Figure 1 Demonstration for accounting for surrounding grid points. The target grid point is marked in the center. Image source: Kothe et al. (2017).

For each grid point, the number of sunny slots in the 24 pixels in the vicinity plus the center cell grid of interest is summed up (Eq. 7).

$$\begin{array}{}\text{(7)}& \mathit{\#}\text{SI}{n}_i(x,y)=\sum _{m=y-\mathrm{2}}^{m=y+\mathrm{2}}\sum _{n=x-\mathrm{2}}^{n=x+\mathrm{2}}\text{SI}{n}_i(m,n)\end{array}$$

First, for each daytime slot i, this is done. Then, to also incorporate the temporal shift in the clouds, the number of each time step is combined with the number of the previous time step for each pixel (Eq. 8).

$$\begin{array}{}\text{(8)}& \begin{array}{l}{N}_{\mathrm{1}}=\mathit{\#}\text{SI}{n}_{\mathrm{1}}\times \mathrm{0.04}\\ N_i=\left(\mathit{\#}\text{SI}{n}_i+\mathit{\#}\text{SI}{n}_{i-\mathrm{1}}\right)\times \mathrm{0.02}\end{array}\end{array}$$

The factor 0.04 is used for the first time slot of the day. For i>1, 0.02 is used. Thus, if all 25 grid points are sunny, then the resulting number N is 1 or 0 in the case that no grid point is sunny.

Thereafter, the impact of sunny and cloudy grid points on the temporal length of one time slot is estimated. The fraction of time, which slot i contributes to the daily SDU, is achieved by Eq. (9).

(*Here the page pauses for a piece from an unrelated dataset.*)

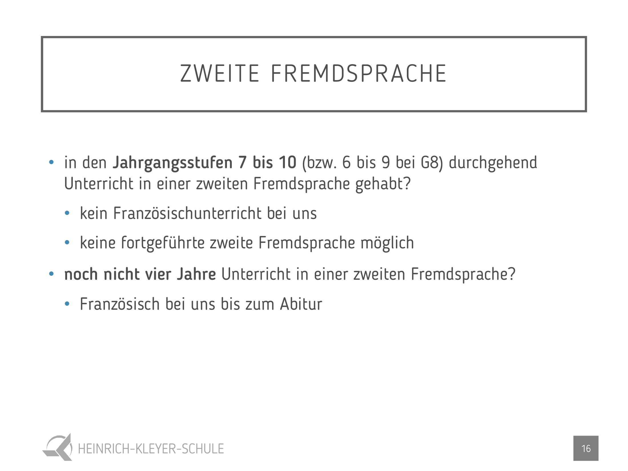 - Wer in den Jahrgangsstufen 7 bis 10 (bzw. 6 bis 9 bei G8) durchgehend in einer zweiten Fremdsprache unterrichtet wurde, ist nicht mehr verpflichtet, am Französischunterricht teilzunehmen.

$$\begin{array}{}\text{(9)}& W_i=\left\{\begin{array}{lcc}max\left(N_i,C_{\mathrm{1}}\right)& \text{if}& \text{DNI}\left(C_{\mathrm{gp}}\right)\ge \mathrm{120}\mathrm{W}{\mathrm{m}}^{-\mathrm{2}}\\ N_i\cdot C_{\mathrm{2}}& \text{if}& \text{DNI}\left(C_{\mathrm{gp}}\right)<\mathrm{120}\mathrm{W}{\mathrm{m}}^{-\mathrm{2}}\end{array}\right.\end{array}$$

If the DNI in the center grid point is equal to or greater than 120 W m⁻², then the grid point is taken as sunny, and the weight (W_i) is defined by the maximum value between N_i and C₁. Otherwise, W_i is the product of N_i and C₂. These constants were derived empirically through sensitivity tests by minimizing the bias compared to reference station data in Germany. They are set as C₁=0.4, which indicates the minimum fraction that a sunny slot can contribute, and C₂=0.05, which is the weight for the contribution of a non-sunny slot (Kothe et al., 2017). The daily SDU in hours is then derived by Eq. (5).

3 Ground data and evaluation methods

To evaluate the satellite products for the period from September 2013 to December 2017, data from the INMET network were used as the ground truth. This network provides daily measurements obtained with Campbell–Stokes recorders. The stations were selected based on data availability; only stations with less than 20 % of observations missing over the study period were retained. A total of 193 stations was chosen. Quality checks were applied in order to exclude spurious data, e.g., measurements higher than its physical limits and false zeros (Gava, 2021).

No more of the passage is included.